Most of the process is quite predictable—there are no strong outliers or extreme delays visible in the histograms. However, the main opportunity for improvement is in the procurement-to-order lag, which dominates the total fulfillment time.
We’ll next use boxplots to further confirm if any individual extreme outliers are present.

📦 3.6 Boxplots of Fulfillment Lags

Boxplots provide a quick way to spot outliers and compare the overall spread of each process step. This helps us see if a few rare cases are driving up the average, or if the delays are common across most orders.

import matplotlib.pyplot as plt
import seaborn as sns

plt.figure(figsize=(14, 5))
sns.boxplot(data=df[lag_columns], orient='h', palette='pastel')
plt.title('Boxplot of Fulfillment Lag Metrics')
plt.xlabel('Days')
plt.show()

📝 Insight:

Procurement to Order and Total Fulfillment Time both show a wide spread but no extreme outliers. This means the long delays are common across the majority of orders, not caused by a few rare cases.
Order to Dispatch and Dispatch to Delivery are tightly clustered, confirming that once an order is placed, fulfillment and delivery are fast and consistent.
No individual lag step shows significant outliers—delays are a general, process-wide feature rather than isolated incidents.

💸 Step 4. Profitability & Margin Diagnostics

Having identified long fulfillment delays (Step 3), our next question is:
Are these delays actually hurting our margins, or is profitability stable across the business?

4.1 Order-Level Profitability

We calculate gross profit and margin for each order:

df['Revenue'] = df['UnitSalePrice'] * df['QuantityOrdered']
df['ProductionCost'] = df['UnitProductionCost'] * df['QuantityOrdered']
df['GrossProfit'] = df['Revenue'] - df['ProductionCost']
df['GrossMarginPercent'] = (df['GrossProfit'] / df['Revenue']).replace([float('inf'), -float('inf')], 0) * 100

df[['Revenue', 'ProductionCost', 'GrossProfit', 'GrossMarginPercent']].describe()

	Revenue	ProductionCost	GrossProfit	GrossMarginPercent
count	7991.000000	7991.000000	7991.000000	7991.000000
mean	10348.232587	6484.551694	3863.680892	37.369416
std	10021.420331	6556.445655	4196.856592	13.225177
min	167.500000	73.700000	25.125000	15.000000
25%	3195.900000	1833.924000	1013.509000	26.000000
50%	6994.800000	4205.992000	2398.600000	37.000000
75%	14780.200000	8975.856000	5094.144000	49.000000
max	52313.600000	42308.088000	30905.760000	60.000000

📝 Insight:

Margins are strong across almost all orders, with no sign of process-wide losses—even though orders wait a long time to move through the pipeline (Step 3). This means that reducing delays is a direct path to improved cash flow and volume, not just margin repair.
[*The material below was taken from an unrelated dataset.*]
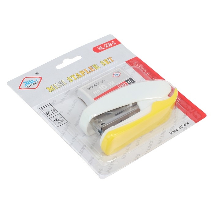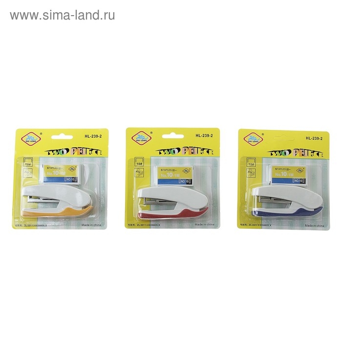 Степлер №10 до 15 листов со скобами, блистер, МИКС

4.2 Do Longer Delays Lead to Lower Margins?

Having established that overall margins are healthy, the next question is whether longer fulfillment times are associated with lower profitability at the order level.
If longer delays lead to reduced gross margin, process improvement is not just about speed, but also about protecting profit.
We group orders into fulfillment speed quartiles and compare their average gross margins to test this relationship.

import pandas as pd

# Create fulfillment speed quartiles
df['FulfillmentSpeed'] = pd.qcut(
    df['Total_Fulfillment_Time'],
    4,
    labels=['Fastest', 'Fast', 'Slow', 'Slowest']
)

# For bar plot: Fastest vs. Slowest
grouped = df.groupby('FulfillmentSpeed',observed=False)['GrossMarginPercent'].mean().reindex(['Fastest', 'Slowest'])
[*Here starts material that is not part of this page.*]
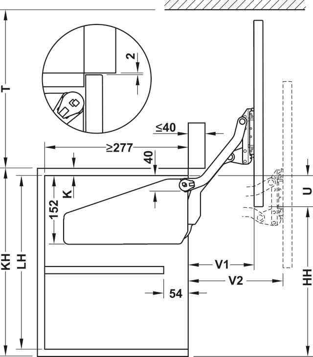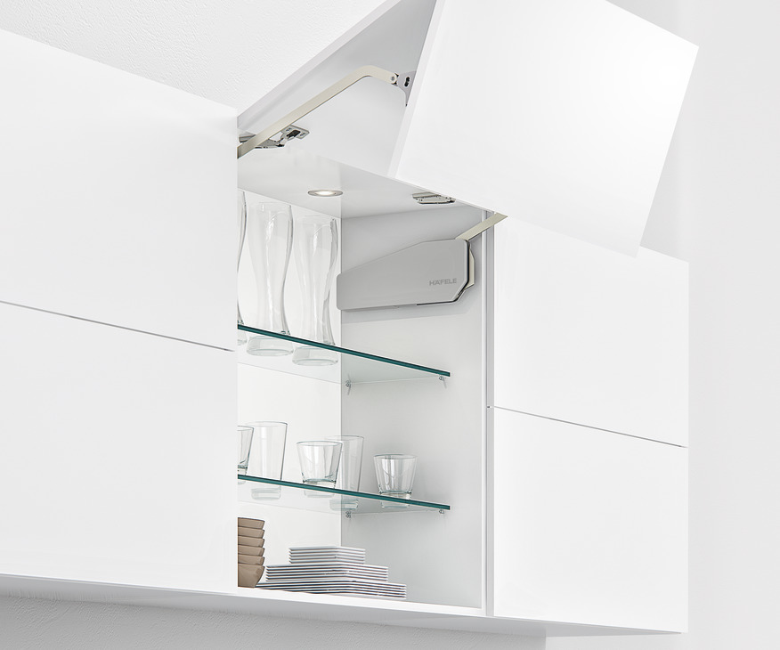 - For one-piece flaps made from wood, glass or with aluminium frame, Cabinet height: 430-600 mm, flap

grouped.plot(kind='bar', color=['seagreen', 'indianred'])
plt.title('Average Margin: Fastest vs. Slowest Fulfillment')
plt.ylabel('Average Gross Margin (%)')
plt.xlabel('Fulfillment Speed')
plt.tight_layout()
plt.show()

📝 Insight :

The average gross margin is nearly identical between the fastest- and slowest-fulfilled orders. This confirms that even the slowest processes are not eroding profitability. Therefore, any improvements to reduce fulfillment delays will improve business performance without risking margin—a clear win for operational change.
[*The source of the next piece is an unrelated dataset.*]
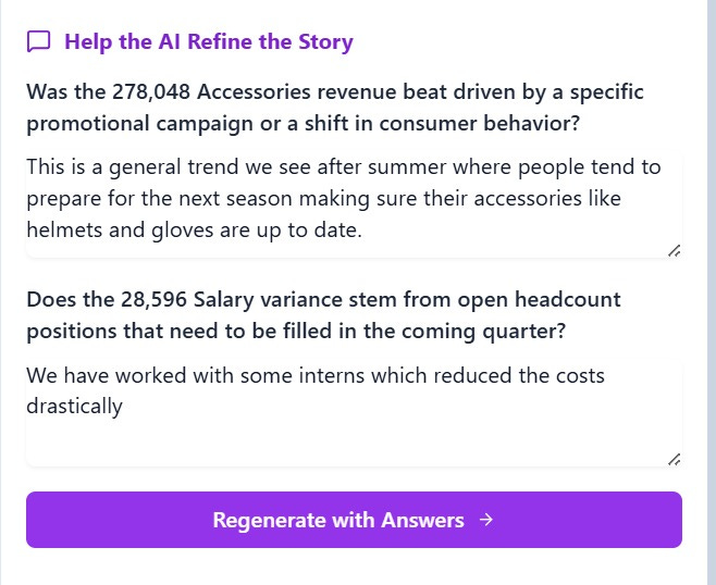 At the bottom of the analysis, AI asks some questions to better understand the variances.

🏭 Step 5. Process Bottlenecks & Delay Causes

Now that we know where delays happen and that they don’t destroy profitability, our next goal is to identify the root causes behind those delays.

Purpose of this step:

To see if bottlenecks are tied to specific products, or other order attributes.
To highlight which part(s) of the business process need attention for maximum efficiency gains.

We’ll start by reviewing how lag times vary across different produc

# Example: Compare by product
product_lags = df.groupby('ProductCode')['Total_Fulfillment_Time'].mean().sort_values(ascending=False)
product_lags.head(10)  # Show top 10 slowest products

ProductCode	Average_Fulfillment_Time (days)
1032	139.37
1065	137.84
1070	137.59
1000	136.55
1021	136.53
1033	136.27
1001	135.95
1046	135.42
1083	135.22
1045	135.18

Name: Total_Fulfillment_Time, dtype: float64

📝 Insight: Product-Level Bottlenecks

The analysis shows that certain products consistently have the longest fulfillment times—with top product codes averaging 135–140 days from procurement to delivery.
This pattern indicates that delays are more strongly tied to specific product lines than to location or order attributes.

📈 Step 6. Advanced Operational Metrics

With delays, bottlenecks, and profitability fully analyzed, this step explores additional metrics that provide deeper insight into the business process and highlight further opportunities for operational improvement.

Purpose of this step:

Quantify efficiency and reliability of order fulfillment.
Reveal “hidden” trends or risks not captured by margin or lag analysis alone.
Deliver actionable metrics that can guide next steps in business process optimization.

We will cover:

Repeat order rate: How many customers return for multiple purchases (a proxy for customer satisfaction and process reliability)?
Order volume over time: Are process changes (or external shocks) impacting throughput?
Discount analysis: Are high discount rates related to specific lag patterns or product lines?

6.1 Repeat Order Rate

# Percentage of customers placing more than one order
repeat_customers = (
    df.groupby('CustomerID')['InvoiceNumber']
    .nunique()
    .reset_index(name='OrderCount')
)
repeat_customer_pct = (repeat_customers['OrderCount'] > 1).mean() * 100
print(f"🔁 Repeat order rate: {repeat_customer_pct:.1f}%")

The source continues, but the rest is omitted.